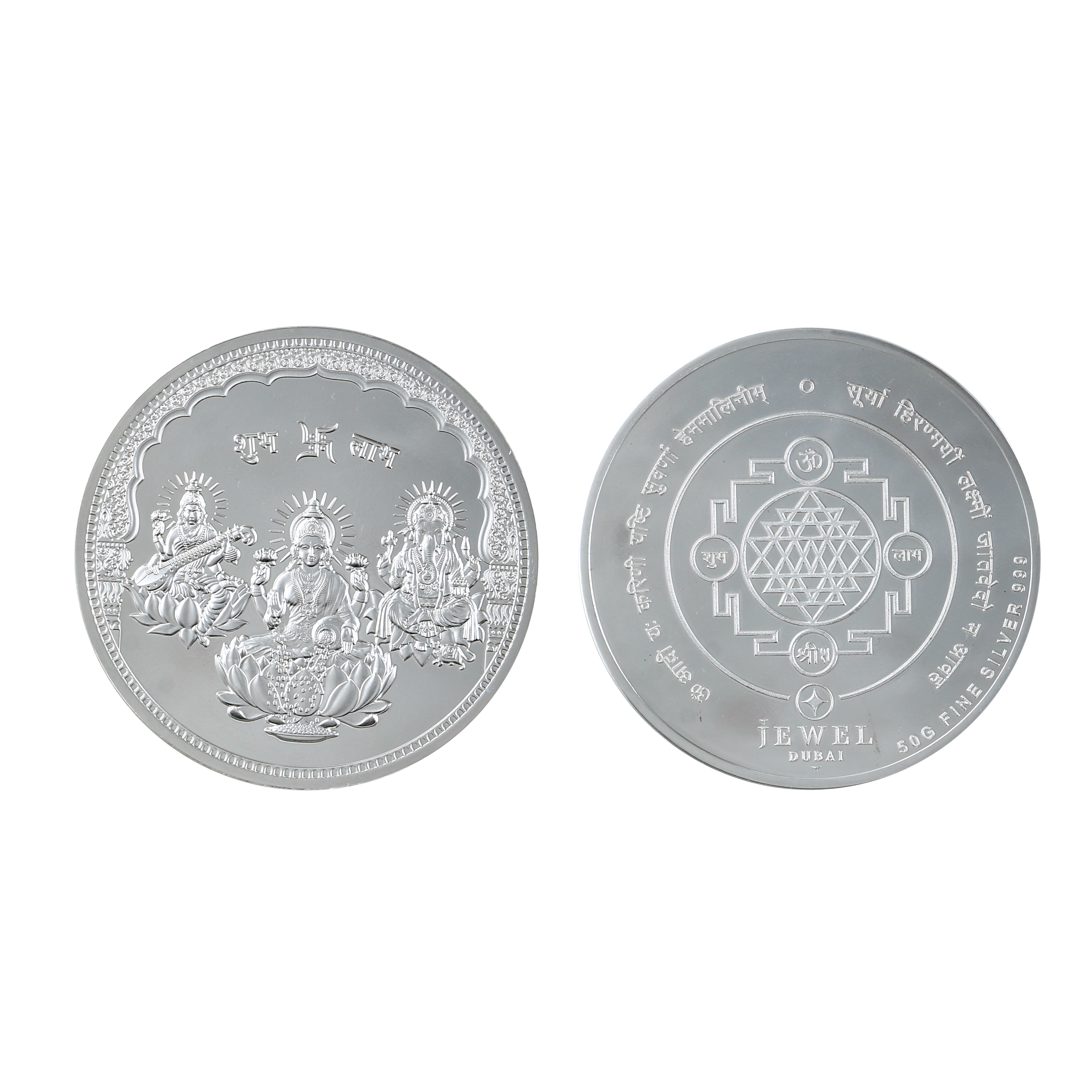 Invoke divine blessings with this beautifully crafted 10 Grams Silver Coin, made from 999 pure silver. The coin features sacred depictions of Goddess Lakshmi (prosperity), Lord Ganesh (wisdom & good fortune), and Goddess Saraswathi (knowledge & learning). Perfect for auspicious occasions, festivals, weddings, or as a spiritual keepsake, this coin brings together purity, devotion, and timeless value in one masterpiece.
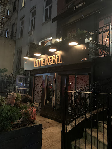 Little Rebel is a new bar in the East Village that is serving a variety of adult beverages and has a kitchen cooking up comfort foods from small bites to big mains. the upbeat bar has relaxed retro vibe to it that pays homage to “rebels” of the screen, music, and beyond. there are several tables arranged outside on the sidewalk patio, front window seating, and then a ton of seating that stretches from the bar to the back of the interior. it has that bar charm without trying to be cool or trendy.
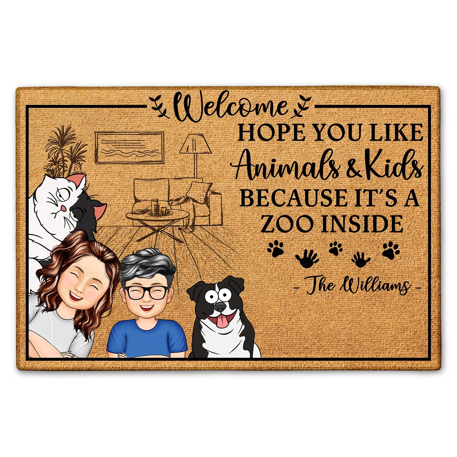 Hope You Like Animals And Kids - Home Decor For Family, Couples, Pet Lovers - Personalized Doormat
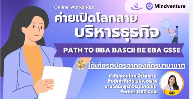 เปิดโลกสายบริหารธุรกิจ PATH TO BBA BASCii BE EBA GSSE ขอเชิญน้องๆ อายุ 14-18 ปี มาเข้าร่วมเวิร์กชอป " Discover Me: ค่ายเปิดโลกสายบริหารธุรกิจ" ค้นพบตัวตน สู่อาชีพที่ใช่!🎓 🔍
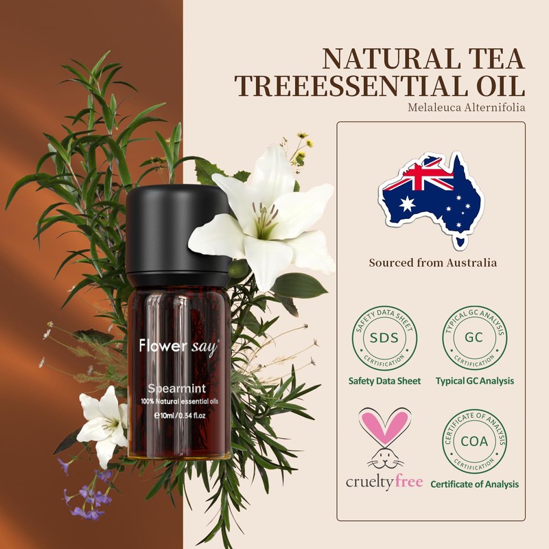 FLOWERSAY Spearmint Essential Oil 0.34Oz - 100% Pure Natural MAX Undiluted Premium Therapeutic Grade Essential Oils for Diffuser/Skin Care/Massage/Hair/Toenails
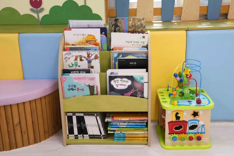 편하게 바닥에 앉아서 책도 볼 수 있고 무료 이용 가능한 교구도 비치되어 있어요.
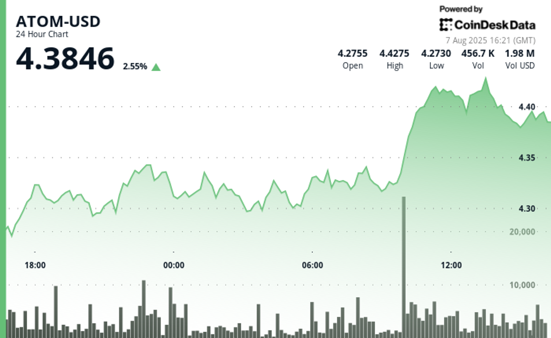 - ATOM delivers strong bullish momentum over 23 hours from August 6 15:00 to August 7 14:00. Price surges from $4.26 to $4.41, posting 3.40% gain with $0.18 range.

● Goal of the exercise: Exactly as they appear, please return only the lines from the first line of the records through the line containing "เปิดโลกสายบริหารธุรกิจ PATH TO", both included, leaving out all pictures.

● Completed task:
 Invoke divine blessings with this beautifully crafted 10 Grams Silver Coin, made from 999 pure silver. The coin features sacred depictions of Goddess Lakshmi (prosperity), Lord Ganesh (wisdom & good fortune), and Goddess Saraswathi (knowledge & learning). Perfect for auspicious occasions, festivals, weddings, or as a spiritual keepsake, this coin brings together purity, devotion, and timeless value in one masterpiece.
 Little Rebel is a new bar in the East Village that is serving a variety of adult beverages and has a kitchen cooking up comfort foods from small bites to big mains. the upbeat bar has relaxed retro vibe to it that pays homage to “rebels” of the screen, music, and beyond. there are several tables arranged outside on the sidewalk patio, front window seating, and then a ton of seating that stretches from the bar to the back of the interior. it has that bar charm without trying to be cool or trendy.
 Hope You Like Animals And Kids - Home Decor For Family, Couples, Pet Lovers - Personalized Doormat
 เปิดโลกสายบริหารธุรกิจ PATH TO BBA BASCii BE EBA GSSE ขอเชิญน้องๆ อายุ 14-18 ปี มาเข้าร่วมเวิร์กชอป " Discover Me: ค่ายเปิดโลกสายบริหารธุรกิจ" ค้นพบตัวตน สู่อาชีพที่ใช่!🎓 🔍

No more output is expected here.